**Required action**. Repeat the entries exactly as they appear.
.....
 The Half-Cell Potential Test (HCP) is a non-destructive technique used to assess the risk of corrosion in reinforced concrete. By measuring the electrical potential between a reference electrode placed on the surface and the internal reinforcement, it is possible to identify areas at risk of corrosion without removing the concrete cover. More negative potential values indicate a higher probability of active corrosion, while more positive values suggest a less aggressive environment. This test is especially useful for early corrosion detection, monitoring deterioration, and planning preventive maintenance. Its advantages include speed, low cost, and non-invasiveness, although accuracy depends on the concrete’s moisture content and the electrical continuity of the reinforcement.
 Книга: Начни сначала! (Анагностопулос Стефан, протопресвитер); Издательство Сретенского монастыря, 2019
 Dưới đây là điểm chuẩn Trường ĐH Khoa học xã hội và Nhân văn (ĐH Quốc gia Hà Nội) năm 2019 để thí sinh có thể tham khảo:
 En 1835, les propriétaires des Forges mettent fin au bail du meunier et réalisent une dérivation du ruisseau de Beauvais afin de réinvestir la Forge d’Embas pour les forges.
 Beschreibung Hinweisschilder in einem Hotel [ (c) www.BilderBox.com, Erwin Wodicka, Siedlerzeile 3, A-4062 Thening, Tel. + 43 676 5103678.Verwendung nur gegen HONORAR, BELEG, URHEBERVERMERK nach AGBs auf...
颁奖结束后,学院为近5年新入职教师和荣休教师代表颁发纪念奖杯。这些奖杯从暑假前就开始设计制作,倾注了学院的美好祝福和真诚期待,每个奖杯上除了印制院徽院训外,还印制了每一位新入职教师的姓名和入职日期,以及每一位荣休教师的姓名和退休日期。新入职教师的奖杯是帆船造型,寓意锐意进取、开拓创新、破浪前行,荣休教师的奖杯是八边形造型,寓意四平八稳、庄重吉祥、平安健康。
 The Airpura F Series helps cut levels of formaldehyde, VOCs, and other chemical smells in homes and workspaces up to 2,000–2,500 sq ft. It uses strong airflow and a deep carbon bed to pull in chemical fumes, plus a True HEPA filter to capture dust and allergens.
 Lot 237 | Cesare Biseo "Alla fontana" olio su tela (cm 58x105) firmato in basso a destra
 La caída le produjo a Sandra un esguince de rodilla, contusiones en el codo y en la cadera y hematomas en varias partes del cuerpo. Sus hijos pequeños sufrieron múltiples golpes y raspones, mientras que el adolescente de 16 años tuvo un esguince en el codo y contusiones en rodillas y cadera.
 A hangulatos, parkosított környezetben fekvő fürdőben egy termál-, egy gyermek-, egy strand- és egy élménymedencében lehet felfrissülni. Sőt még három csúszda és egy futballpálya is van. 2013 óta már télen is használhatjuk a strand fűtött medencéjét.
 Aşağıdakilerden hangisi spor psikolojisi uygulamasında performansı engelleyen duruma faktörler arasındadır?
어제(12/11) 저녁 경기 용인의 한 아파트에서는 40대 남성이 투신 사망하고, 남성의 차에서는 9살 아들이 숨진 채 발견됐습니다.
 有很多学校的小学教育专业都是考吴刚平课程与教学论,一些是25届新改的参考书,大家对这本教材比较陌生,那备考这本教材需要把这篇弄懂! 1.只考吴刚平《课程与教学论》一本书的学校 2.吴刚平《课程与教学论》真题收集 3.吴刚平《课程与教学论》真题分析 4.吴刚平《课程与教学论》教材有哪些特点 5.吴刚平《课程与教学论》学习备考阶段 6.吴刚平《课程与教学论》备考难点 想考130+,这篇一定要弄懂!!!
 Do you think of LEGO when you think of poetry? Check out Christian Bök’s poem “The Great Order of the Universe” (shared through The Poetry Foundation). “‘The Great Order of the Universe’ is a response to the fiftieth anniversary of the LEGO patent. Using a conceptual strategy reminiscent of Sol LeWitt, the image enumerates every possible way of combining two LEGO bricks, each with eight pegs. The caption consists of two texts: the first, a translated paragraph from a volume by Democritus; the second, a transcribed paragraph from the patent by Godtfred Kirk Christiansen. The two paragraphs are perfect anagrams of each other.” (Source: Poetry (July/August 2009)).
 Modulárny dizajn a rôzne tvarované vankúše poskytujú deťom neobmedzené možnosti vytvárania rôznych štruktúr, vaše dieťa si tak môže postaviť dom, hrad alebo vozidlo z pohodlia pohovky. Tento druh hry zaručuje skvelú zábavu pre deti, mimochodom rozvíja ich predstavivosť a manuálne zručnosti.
.....
**Exercise result**.
 The Half-Cell Potential Test (HCP) is a non-destructive technique used to assess the risk of corrosion in reinforced concrete. By measuring the electrical potential between a reference electrode placed on the surface and the internal reinforcement, it is possible to identify areas at risk of corrosion without removing the concrete cover. More negative potential values indicate a higher probability of active corrosion, while more positive values suggest a less aggressive environment. This test is especially useful for early corrosion detection, monitoring deterioration, and planning preventive maintenance. Its advantages include speed, low cost, and non-invasiveness, although accuracy depends on the concrete’s moisture content and the electrical continuity of the reinforcement.
 Книга: Начни сначала! (Анагностопулос Стефан, протопресвитер); Издательство Сретенского монастыря, 2019
 Dưới đây là điểm chuẩn Trường ĐH Khoa học xã hội và Nhân văn (ĐH Quốc gia Hà Nội) năm 2019 để thí sinh có thể tham khảo:
 En 1835, les propriétaires des Forges mettent fin au bail du meunier et réalisent une dérivation du ruisseau de Beauvais afin de réinvestir la Forge d’Embas pour les forges.
 Beschreibung Hinweisschilder in einem Hotel [ (c) www.BilderBox.com, Erwin Wodicka, Siedlerzeile 3, A-4062 Thening, Tel. + 43 676 5103678.Verwendung nur gegen HONORAR, BELEG, URHEBERVERMERK nach AGBs auf...
颁奖结束后,学院为近5年新入职教师和荣休教师代表颁发纪念奖杯。这些奖杯从暑假前就开始设计制作,倾注了学院的美好祝福和真诚期待,每个奖杯上除了印制院徽院训外,还印制了每一位新入职教师的姓名和入职日期,以及每一位荣休教师的姓名和退休日期。新入职教师的奖杯是帆船造型,寓意锐意进取、开拓创新、破浪前行,荣休教师的奖杯是八边形造型,寓意四平八稳、庄重吉祥、平安健康。
 The Airpura F Series helps cut levels of formaldehyde, VOCs, and other chemical smells in homes and workspaces up to 2,000–2,500 sq ft. It uses strong airflow and a deep carbon bed to pull in chemical fumes, plus a True HEPA filter to capture dust and allergens.
 Lot 237 | Cesare Biseo "Alla fontana" olio su tela (cm 58x105) firmato in basso a destra
 La caída le produjo a Sandra un esguince de rodilla, contusiones en el codo y en la cadera y hematomas en varias partes del cuerpo. Sus hijos pequeños sufrieron múltiples golpes y raspones, mientras que el adolescente de 16 años tuvo un esguince en el codo y contusiones en rodillas y cadera.
 A hangulatos, parkosított környezetben fekvő fürdőben egy termál-, egy gyermek-, egy strand- és egy élménymedencében lehet felfrissülni. Sőt még három csúszda és egy futballpálya is van. 2013 óta már télen is használhatjuk a strand fűtött medencéjét.
 Aşağıdakilerden hangisi spor psikolojisi uygulamasında performansı engelleyen duruma faktörler arasındadır?
어제(12/11) 저녁 경기 용인의 한 아파트에서는 40대 남성이 투신 사망하고, 남성의 차에서는 9살 아들이 숨진 채 발견됐습니다.
 有很多学校的小学教育专业都是考吴刚平课程与教学论,一些是25届新改的参考书,大家对这本教材比较陌生,那备考这本教材需要把这篇弄懂! 1.只考吴刚平《课程与教学论》一本书的学校 2.吴刚平《课程与教学论》真题收集 3.吴刚平《课程与教学论》真题分析 4.吴刚平《课程与教学论》教材有哪些特点 5.吴刚平《课程与教学论》学习备考阶段 6.吴刚平《课程与教学论》备考难点 想考130+,这篇一定要弄懂!!!
 Do you think of LEGO when you think of poetry? Check out Christian Bök’s poem “The Great Order of the Universe” (shared through The Poetry Foundation). “‘The Great Order of the Universe’ is a response to the fiftieth anniversary of the LEGO patent. Using a conceptual strategy reminiscent of Sol LeWitt, the image enumerates every possible way of combining two LEGO bricks, each with eight pegs. The caption consists of two texts: the first, a translated paragraph from a volume by Democritus; the second, a transcribed paragraph from the patent by Godtfred Kirk Christiansen. The two paragraphs are perfect anagrams of each other.” (Source: Poetry (July/August 2009)).
 Modulárny dizajn a rôzne tvarované vankúše poskytujú deťom neobmedzené možnosti vytvárania rôznych štruktúr, vaše dieťa si tak môže postaviť dom, hrad alebo vozidlo z pohodlia pohovky. Tento druh hry zaručuje skvelú zábavu pre deti, mimochodom rozvíja ich predstavivosť a manuálne zručnosti.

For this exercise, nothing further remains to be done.